KC's appeal to the state to purchase or obtain all private medical colleges merits our attention as the move can help end the existing anomaly of proprietors' avarice to obtain higher payments from students. Despite all the government provisions to stop private colleges from milking money of needy students, the colleges often pile pressure on them to hand out extra fees.
There are 22 medical colleges in the country where around 2,500 seats are available for medical studies. Private medical institutions outnumber government-owned colleges. The government has separated seats for students under the full and partial scholarship schemes at the government and non-government colleges, besides allowing seats to those who want to pursue studies by paying tuition fees.

Political connection
One cannot deny that whenever the country's political situation gets fluid, private college proprietors are quick to rear their ugly heads to impose increased fees on hapless students. As these owners possess enough resources at their disposal, they often get closer to the politicians and political parties. They try to take advantage of their closeness to the leaders and parties. Our authority should allow none of them to take such benefits so that the pupils would not find themselves at the receiving end.

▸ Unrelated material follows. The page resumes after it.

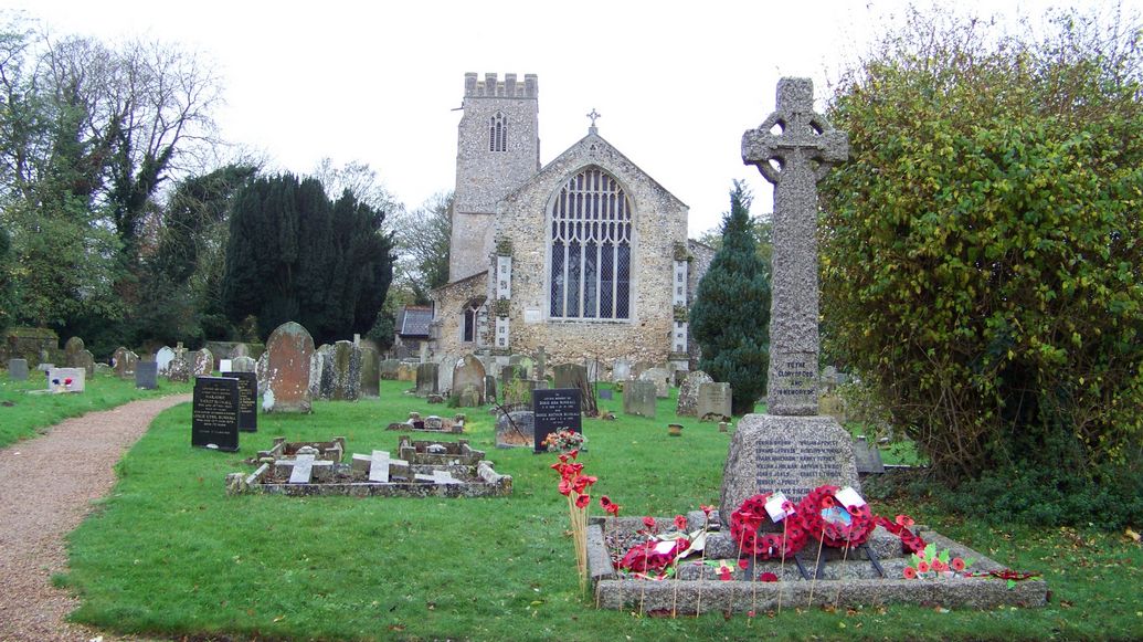 We then went to Narborough Hall owned by Robert & Joanne Sandelson where David’s father was head gardener from 1915 to 1965, and we saw the commemorative bench in the kitchen garden in his memory. David showed us around the outside of the building then went into the Phoenix room and entrance hall. We walked round the grounds seeing the formal gardens, lake, riverside walk, iron age fort and the cricket pitch in the distance. We noticed the Wisteria has now been tidied up and does not obscure the windows any longer. Afterwards several people looked around All Saints Church yard which is where the war memorial is located near the entrance gates.

The existing anomalies must end, once and for all. We should not forget that once they compel a student to pay hefty fees as additional charges, the parents suffer the most. The students who complete the course can try their best to recoup the expenses for which they can go to any limit when he/she starts a career in the medical field.

Truly, quality health services in the nation have remained out of reach of a large population because they are expensive. The poor, lower middle class and middle class cannot think about getting medical services at the private hospitals of the capital and elsewhere. To make matters worse, negligible health insurance policies exist, impeding people from having easy access to standard health services. Private operators' greedy nature is one reason behind the country's pitiful health service system. The anomaly of imposing excessive fees makes a future doctor less inclined towards imparting quality services to needy patients. But it makes them extremely desirous to extract payments from patients using different methods.